А до того... До того была совсем другая жизнь.
Анюта росла сиротой — мать померла родами, отец сгинул где-то на лесоповале, когда ей и пяти не было. Растили всем миром: кто картошки принесёт, кто молочка нальёт, а бабка Степанида, царствие ей небесное, и вовсе к себе забрала. Правда, недолго прожила — годика три всего, а потом и её не стало. Так и пошла девчонка по людям.
Выросла красавицей — русая коса до пояса, глаза васильковые, да только характером тихая, застенчивая. Всё больше в землю смотрела, а улыбалась — будто солнышко из-за туч выглядывало. Работящая была — любое дело в руках спорилось. За это её в деревне и уважали.
— Анютка! — окликнул её как-то Павел, сын Марии Петровны. — Погодь-ка!
Она обернулась, прижимая к груди охапку свежескошенной травы. Павел стоял, привалившись к забору, улыбался во весь рот. Статный был парень — высокий, чернявый, глаза с лукавинкой.
— Чего тебе, Паша? — Анна опустила глаза, чувствуя, как заливается краской.
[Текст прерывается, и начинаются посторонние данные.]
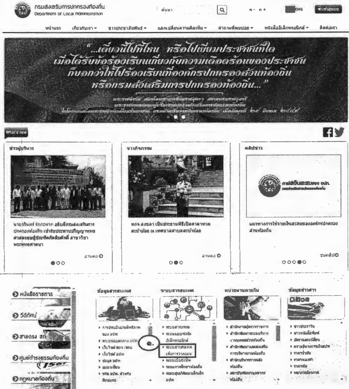
ภาพที่ ๑ เว็บไซต์กรมส่งเสริมการปกครองท้องถิ่น

เปิดโปรแกรม Web Browser (Google Chrome, Firefox) จากนั้นพิมพ์ URL http://www.dla.go.th เพื่อเข้าสู่เว็บไซต์กรมส่งเสริมการปกครองท้องถิ่น แล้วคลิกเลือกเมนู “ระบบสารสนเทศเพื่อการวางแผน” จากหัวข้อ “ระบบสารสนเทศ” ตามภาพที่ ๑

— Да вот думаю... — Он подошёл ближе, от него пахло табаком и свежим сеном. — Не пора ли нам с тобой под венец? А то ведь засидишься в девках-то!
Сказал — как обухом по голове. Анна так и застыла, не зная, что ответить. А он продолжал, посмеиваясь:
— Ты не думай, я серьёзно. Мамка моя давно на тебя заглядывается — всё нахваливает, какая ты хозяйка справная. Да и мне по сердцу пришлась. Ну так что, пойдёшь за меня?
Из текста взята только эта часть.